UCHealth sued the company overseeing Medicaid in Colorado on Friday, alleging it mislabeled two of the well being community’s hospitals, costing it the justifiable share of a payment to offset uncompensated care.
The lawsuit, filed in Denver District Court docket, alleges the Colorado Division of Well being Care Coverage and Financing mislabeled two UCHealth services as publicly owned, somewhat than non-public nonprofit hospitals.
UCHealth stated the alleged misclassification had lowered the quantity that Memorial Hospital in Colorado Springs and Poudre Valley Hospital in Fort Collins obtained from the state’s well being care affordability and sustainability payment.
Neither the lawsuit nor a UCHealth spokesman stated how a lot cash the well being system believes it’s owed.

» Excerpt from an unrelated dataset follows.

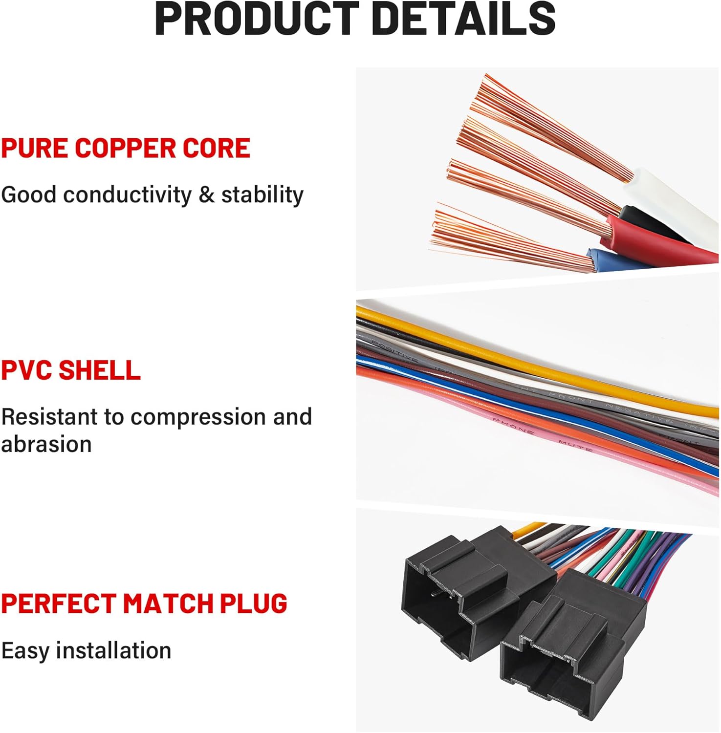 Easy to install: Pre-stripped wire harness makes installation more convenient; Car radio wire harness is made of premium quality; Professional copper core which makes excellent conductivity safe use and long lifespan

The state collects the payment from most hospitals and makes use of it to attract down matching federal funds. It then distributes the collected cash and the matching funds primarily based on a method, to offset the price of uncompensated care and high quality enchancment efforts.
It wasn’t clear why the state labeled the 2 hospitals as publicly owned or when that occurred. The Division of Well being Care Coverage and Financing on Friday stated its officers are reviewing the lawsuit and couldn’t but remark.
Whereas the 2 hospitals lease their buildings from native governments, they don’t obtain funding from them, and the non-public entity UCHealth manages them, stated Dan Weaver, a spokesman for the well being system. The division declined to alter the hospitals’ classifications after UCHealth identified in December that they didn’t line up with federal guidelines about what counts as a public hospital, he stated.
If UCHealth wins and will increase the share going to 2 of its hospitals, another hospitals’ shares would lower. A broader ruling that made the division change the way it classifies hospitals might create much more winners and losers.
“Because the state’s largest supplier of Medicaid providers, UCHealth and our hospitals are devoted to serving low-income residents of our state and people who might stay in a rural space. HCPF’s misclassification of our hospitals places Medicaid sufferers in danger by doubtlessly denying funds wanted for his or her care,” he stated in a press release.